Last January, two years later, he set up CarLand, a second-hand car superstore.
As a chief accountant in the motor industry during the 1960s, Tuke was determined to retire at 57. And in 1995, after stints at a number of motor companies as finance director and managing director, he achieved his ambition.
Tuke explains that he regarded accountancy as a stepping stone into management: ‘I qualified as an accountant in the 1960s with a small Bradford practice,’ he says. ‘But I was keen to use the accountancy skills of common sense and logic as a general manager.’
In his role as chief accountant at car retailer Endeavour, one of Tuke’s first tasks was to introduce a computerised stock control.
‘In the 1960s, as a finance director in the motor industry, the main challenge was to bring its information systems into the 20th century,’ recalls Tuke.

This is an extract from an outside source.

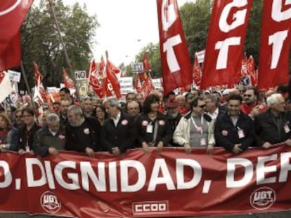 Las consignas contra los recortes y la reforma laboral, protagonistas de las manifestaciones Toxo afirma que es posible que en la legislatura de Rajoy se llegue a seis millones de parados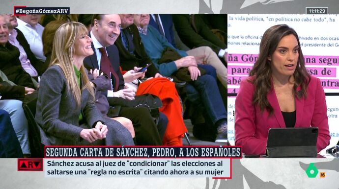 La periodista ha confesado que le produce extrañeza que el presidente del Gobierno "normalice comunicarse a través de cartas unilaterales" no respondiendo a preguntas que puedan hacerle los periodistas para que pueda dar más explicaciones de las que está dando "con este género epistolar" en el que "vuelve a confundir lo privado con lo público".

From the mid-1980s to mid-1990s, he held three managing director positions at different car retailers. But only two years into retirement, Tuke began to tire ‘of the golf circuit’ and began thinking business again. ‘One day, I sat down and wrote down everything that I didn’t like about buying a second-hand car, like the “Arthur Daley” factor,’ he says.
Last January, Tuke opened a CarLand car superstore in Thurrock, which aims to shake up the much maligned second-hand car industry. He plans to open ten more nationally this year, creating 1,200 jobs. ‘Second-hand car sales are still seen as a disreputable cottage industry,’ says Tuke. ‘We aim to turn this perception on its head by giving customers cast-iron guarantees in order to build their trust.’
Looking at the world of accountancy with a business perspective, Tuke admits that accountancy firms have changed for the better. ‘The big firms are no longer just about ticking boxes; they provide a total professional service. They’re looking to the future instead of the past.’